Parliament Building Tour

If you’re interested in politics and history, a tour of the Northern Ireland Parliament Building is a fascinating experience. Located in the Stormont Estate on the outskirts of Belfast, the building is home to the Northern Ireland Assembly and the Office of the First Minister and Deputy First Minister.

During the tour, you’ll learn about the history of the building and the role it plays in the political and cultural life of Northern Ireland.

You’ll visit the impressive Senate Chamber and Assembly Hall, where the country’s politicians debate and make decisions, and see the beautiful artworks and artefacts that decorate the building.

While you are there, pop into the café to enjoy a deliciously warm scone as you drink in the views from the top of the hill.
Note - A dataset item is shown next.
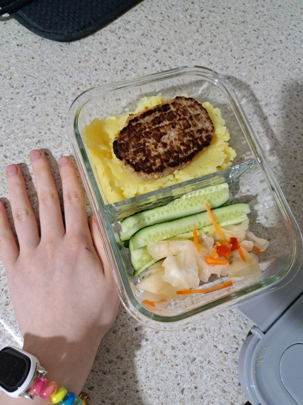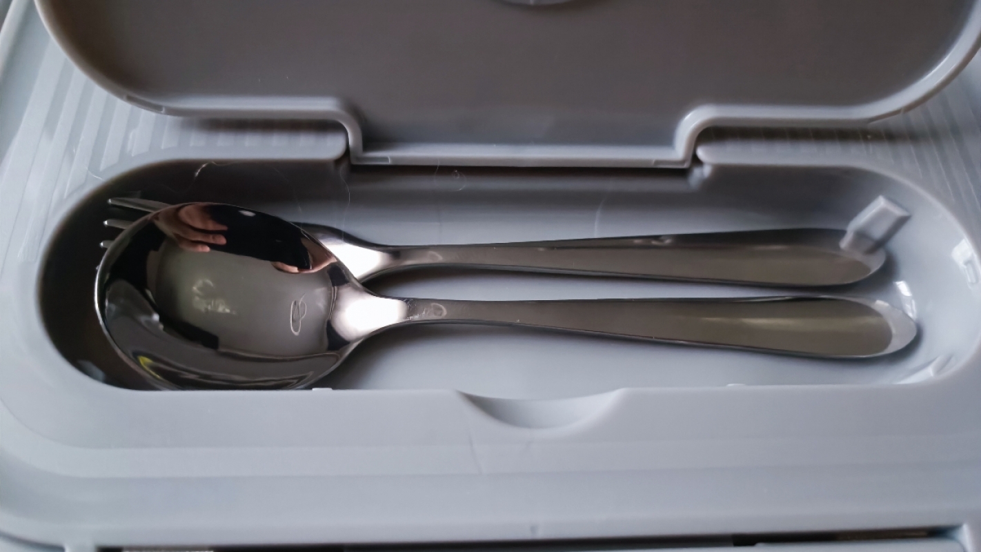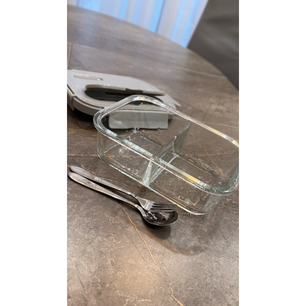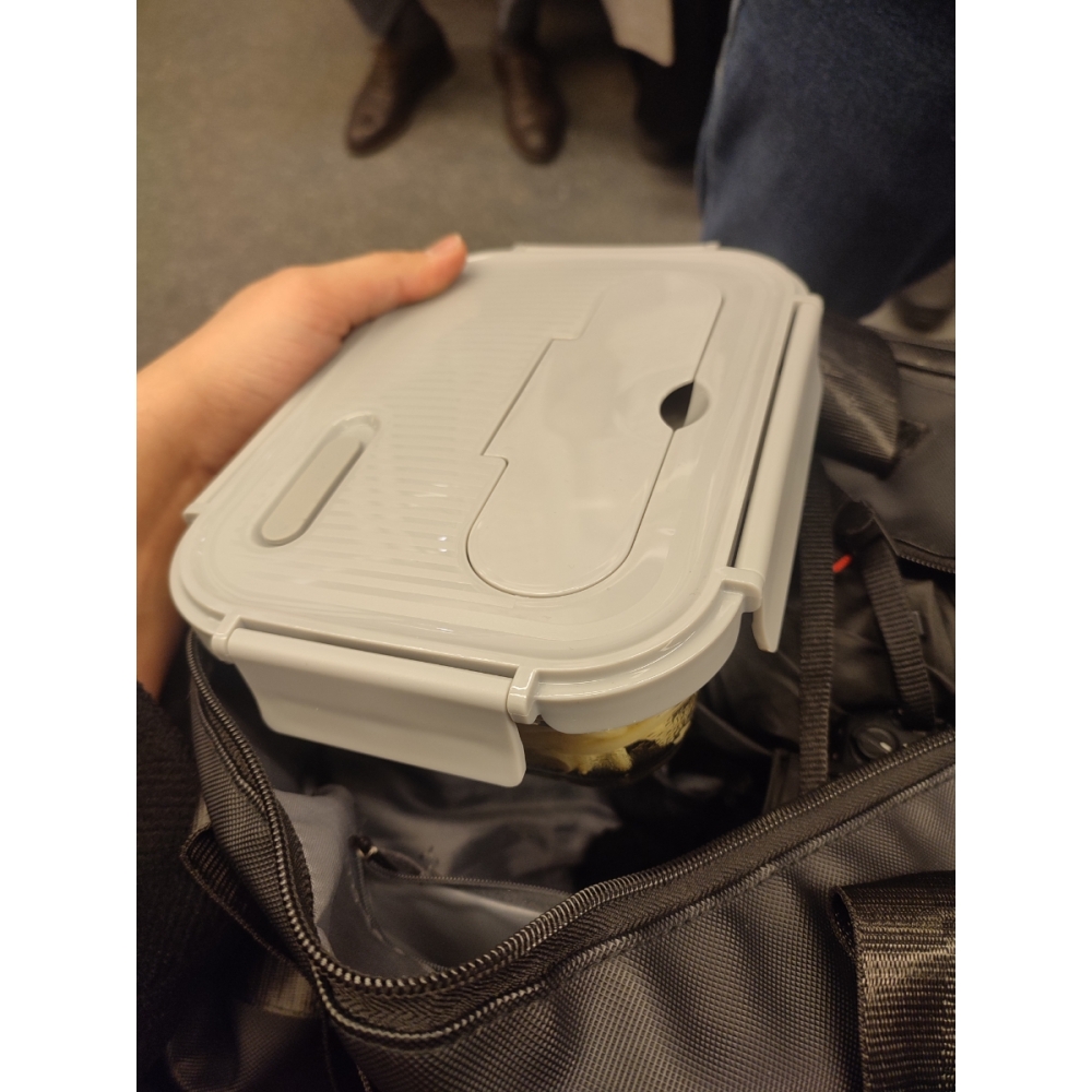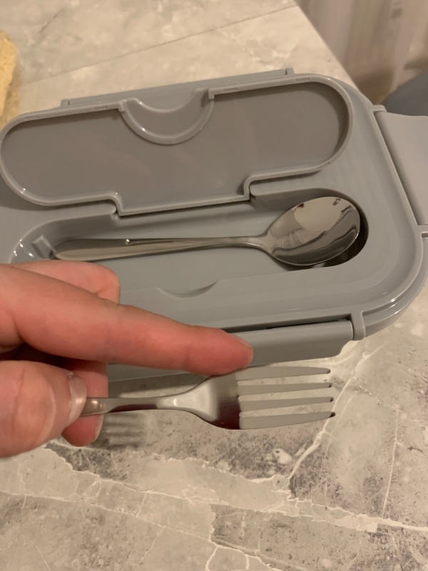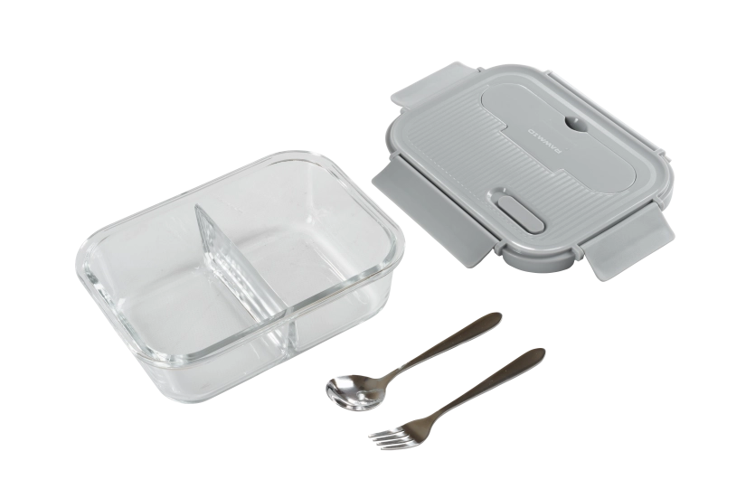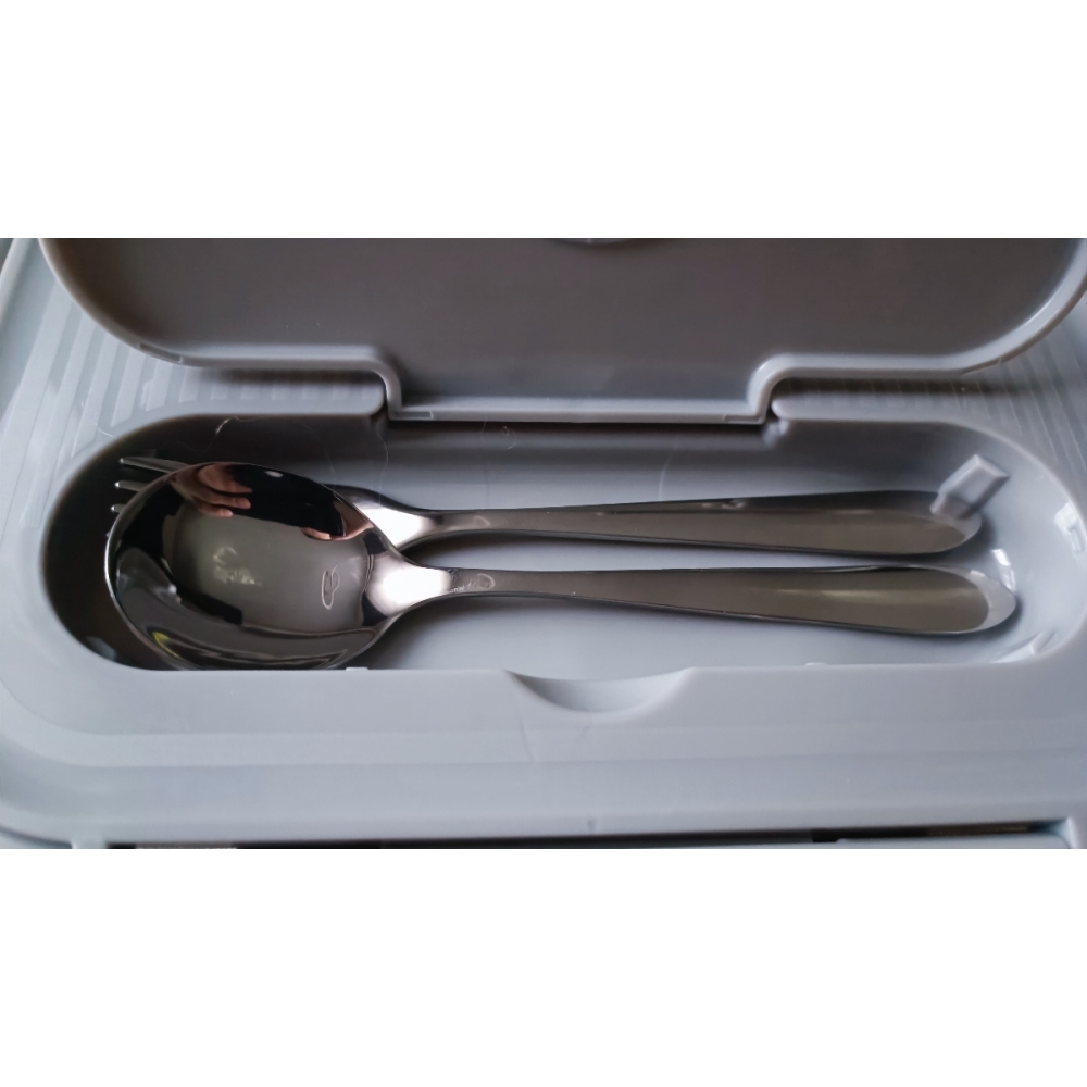 Продуманная конструкция с двумя отделениями позволяет брать с собой полноценный обед: основное блюдо, гарнир или закуску. Герметичная крышка с силиконовым уплотнителем и надёжными защёлками защищает от проливаний и помогает сохранить свежесть продуктов. Верхний отсек крышки аккуратно скрывает вилку и ложку, которые всегда под рукой — удобно в дороге, на работе или во время учёбы.

Northern Ireland Parliament Building
Northern Ireland Parliament Building

Day 2 – Titanic, Markets & More!

If you have 2 days in Belfast, spend this time sinking your teeth into classic tourist attractions and getting to know the best local haunts.

The Titanic Belfast

This is one of the main attractions and a top place to visit that pulls people to Belfast and it is worth every ounce of its tourist trap glory.

The impressive iceberg-shaped building sits on the very site where the iconic boat was built and takes you on the journey from conception to construction, its launch, and ultimately to its final resting place at the bottom of the ocean.

This is one of those museums where you are constantly impressed by how much they could have created with only a little.

We all know the story of the Titanic (sans Jack and Rose) but this experience takes you on an immersive journey through the shipyard and there are recreations of the cabins and lifeboats as well as a glass floor projection of the shipwreck that will have you reaching for your seasickness meds. You can pre-book tickets here.

The Titanic Belfast
The Titanic Belfast

St. George’s Market

St. George’s Market is one of the oldest and most popular attractions in Belfast. This historic indoor market has been a fixture of the city since the 19th century, and it’s still a vibrant hub of activity today.

Visitors can explore the market’s stalls, which sell everything from fresh produce and seafood to handmade crafts and souvenirs.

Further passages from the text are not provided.